For investors who are concerned that the economy may be headed for a bust cycle, Singles Day sales performance numbers from Alibaba may help to thwart their fears.

Singles Day is a casual, anti-Valentine’s Day holiday celebrated in China for people who aren’t in relationships. The date of November 11 was selected because the date is written as four ones or singles.
Alibaba began offering Singles Day discounts in 2009 and has since transformed the day into a 24-hour bonanza of online shopping in China.
Other Chinese e-commerce platforms like JD.com and traditional brick-and-mortar stores also now take part in Singles Day, which has begun to gain traction outside China as well. Alibaba’s Southeast Asia subsidiary Lazada offers Singles Day discounts in Singapore, Malaysia, Indonesia, Thailand, and Vietnam. Now a variety of retail brands such as Nike and Brooks Brothers are offering Singles Day discounts on their websites in the United States.
“Singles Day is being held up as a bellwether of Chinese consumers’ willingness to spend in the face of a domestic slowdown,” wrote Jeffrey Halley, senior market analyst for Asia Pacific at Oanda, in a note Monday. But “deeply discounting prices always brings consumers out to play, no matter how bad the economy might be,” he added.

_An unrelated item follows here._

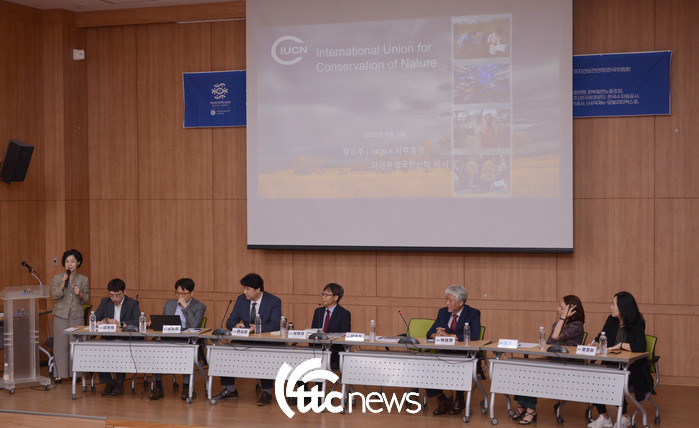 | ▲ IUCN 한국위원회 황은주 사무총장이"지구 환경의 당면한 생물다양성 보존, 기후변화, 지속가능한 발전의 정책 수립과 실행 협력 사업 추진을 하고 있다."고 소개하고 있다.. |

Albibab generated an incredible $13 billion in just one hour, a 32% increase from first-hour sales the year prior and nearly twice Amazon’s estimated sales during Prime Day in July. While Amazon does not reveal total sales from Prime Day, simply saying it was “once again the largest shopping event in Amazon history” with more sales than Black Friday and Cyber Monday 2018 combined, Internet Retailer estimated that Amazon generated $7.16 billion globally during the 48-hour period between July 15 and July 16.

Alibaba gathered more than $38.3 billion in sales on Singles Day, beating analyst estimates for upcoming Black Friday and Cyber Monday sales in the US. Now in its 10th year, the Chinese shopping bonanza continues to attract significant business and solidify Alibaba as a dominant force in the e-commerce industry.

“We continue to feel very confident about the growth potential of the economy,” Alibaba chief marketing officer Chris Tung told CNN in an interview. “We are pushing deeper towards the less developed areas of China, to reach more new online shoppers, so there’s a huge untapped opportunity there.”

Still, the rest of November could be a robust one for sales. Despite the dearth of Thanksgiving advertising in stores, according to Adobe Analytics, the post-Thanksgiving shopping weekend is expected to bring in $29 billion in online sales this year. In 2018, Black Friday and Cyber Monday reached all-time sales highs with $6.22 billion and $7.9 billion in online sales, respectively, Adobe reported.

The iShares Core MSCI Emerging Markets ETF (IEMG), the iShares MSCI China ETF (MCHI), and the SPDR S&P China ETF (GXC) all offer healthy doses of Alibaba for investors looking to use ETFs to play the stock.